• **What needs to be done**: Everything from the line that contains "2025年6月26日,职责主谈主员在集合飞机集团深圳基地植保无东谈主机仓库内巡查。新华社记者 邓华 摄" to the final line of the data, both ends included, must be set down exactly, apart from the pictures.

• **Data excerpt**:
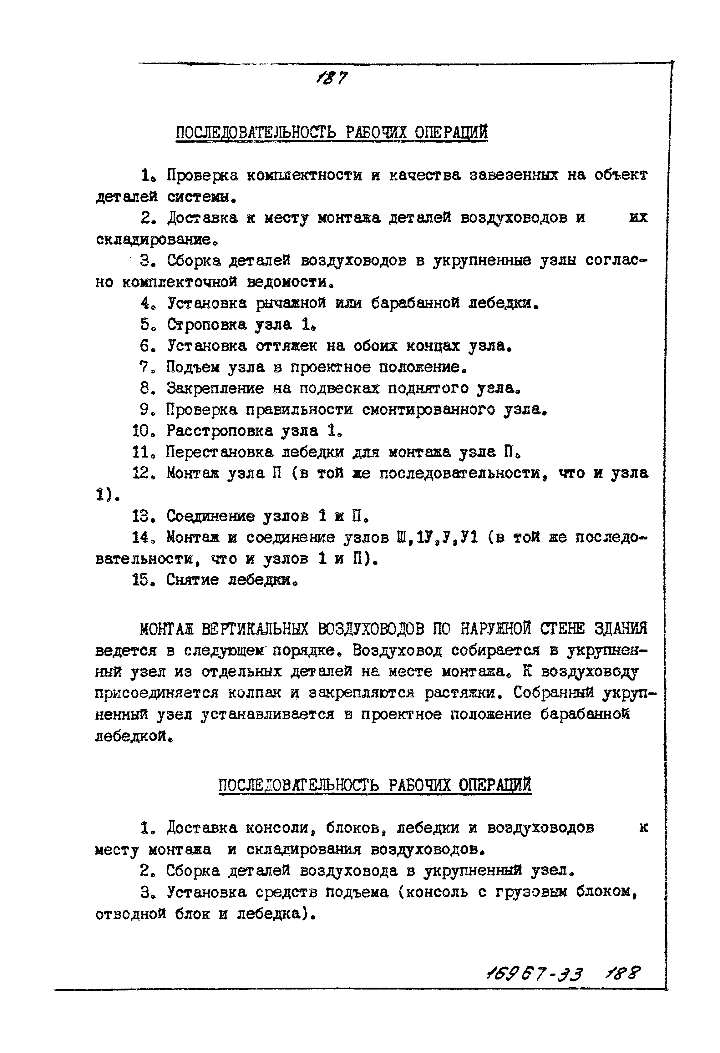 | Оглавление: | Общая часть Организация и технология монтажного процесса Монтаж горизонтальных воздуховодов Последовательность рабочих операций Монтаж вертикальных воздуховодов по наружной стене здания Последовательность рабочих операций Монтаж вертикальных воздуховодов по кровле здания Монтаж вертикальных воздуховодов по кровле здания с помощью мачты Последовательность рабочих операций Монтаж в здании вертикального воздуховода методом "наращивания снизу" Последовательность рабочих операций Техника безопасности при монтаже воздуховодов |
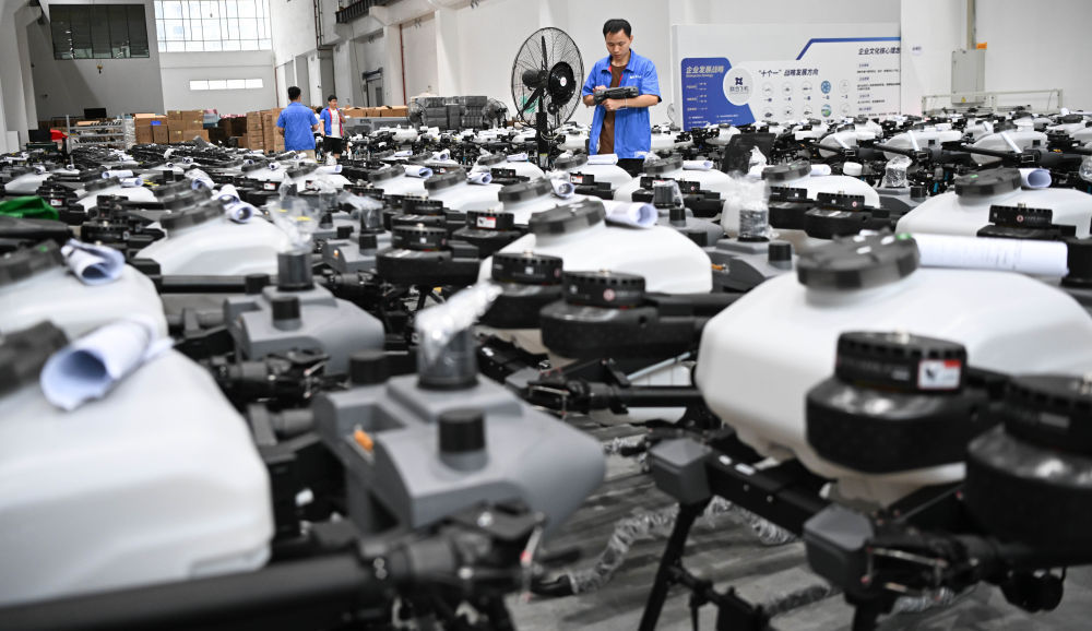 2025年6月26日,职责主谈主员在集合飞机集团深圳基地植保无东谈主机仓库内巡查。新华社记者 邓华 摄
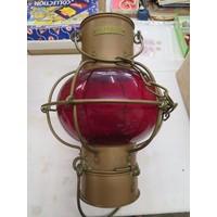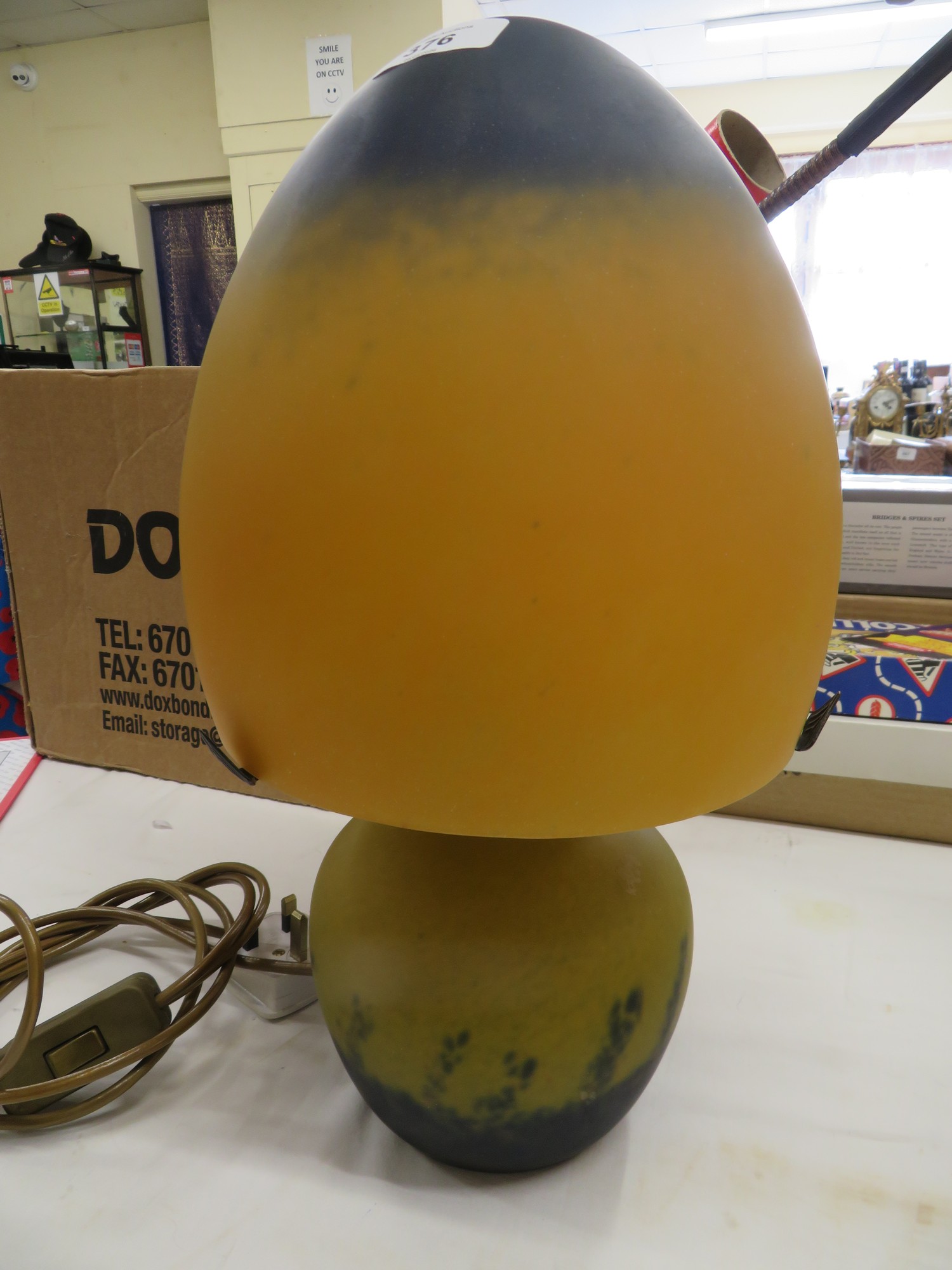 Mottled orange and blue glass mushroom lamp in the style of Galle

• **Response to this exercise**:
 2025年6月26日,职责主谈主员在集合飞机集团深圳基地植保无东谈主机仓库内巡查。新华社记者 邓华 摄
 Mottled orange and blue glass mushroom lamp in the style of Galle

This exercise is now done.